Quality Education in the Early Years

Quality Education in the Early Years

Quality Education in the Early Years

Quality Education in the Early Years

Excerpt

‘Quality’ is a key word at the present time, with phrases such as quality assurance, quality control and quality time assuming different meanings depending upon our experience and the context in which we work. The liberal use of the word, however, does not mean that quality is easily defined. For as Harvey and Green (1993: 28) remind us, ‘definitions of quality vary and to some extent reflect different perceptions of the individual and society … there is no simple definition of quality’. We can all recognize quality in specific situations, but the fact that our views and perceptions are influenced by the context in which we are observing or operating and to a large extent by our mood, feelings and past experiences, means that agreement on a definition of what constitutes quality often remains elusive. For these reasons we have not attempted to define it in this introduction, although some chapters consider quality frameworks and criteria against which provision may be evaluated.
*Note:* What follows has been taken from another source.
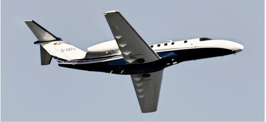
D-CEFE Citation 525 CJ4 14/02 Paul Whincup

Beech 200GT/250 Kingair G-REXA dep 09:55 to Jersey, Cessna 525C CJ4 D-CEFE arr 10:22 fr Geneva dep 13:14 to Farnborough, Cirrus Sr22 N575PW arr 12:46 fr Blackpool n/stop, Cessna 182 Skylane N759AU 2 x ILS approach at 13:43 fr Barton, Cessna 550 Citation Bravo G-IPLY arr 15:41 fr IOM dep 16:16 to Oxford, Learjet 45 M-ABGV arr 21:59 fr Stansted dep 22:38 to Seville,

The year 1990 saw the publication of the Report of the Committee of Inquiry into the Quality of the Educational Experience Offered to 3- and 4-year-olds (Department of Education and Science 1990), fondly known as ‘the Rumbold Report’ after the chair of the Committee, Angela Rumbold, who was at that time Minister of State at the Department of Education and Science. The daunting brief with which the Committee was faced included consideration of ‘content, continuity and progression in learning, having regard to the requirements of the National Curriculum’ . . .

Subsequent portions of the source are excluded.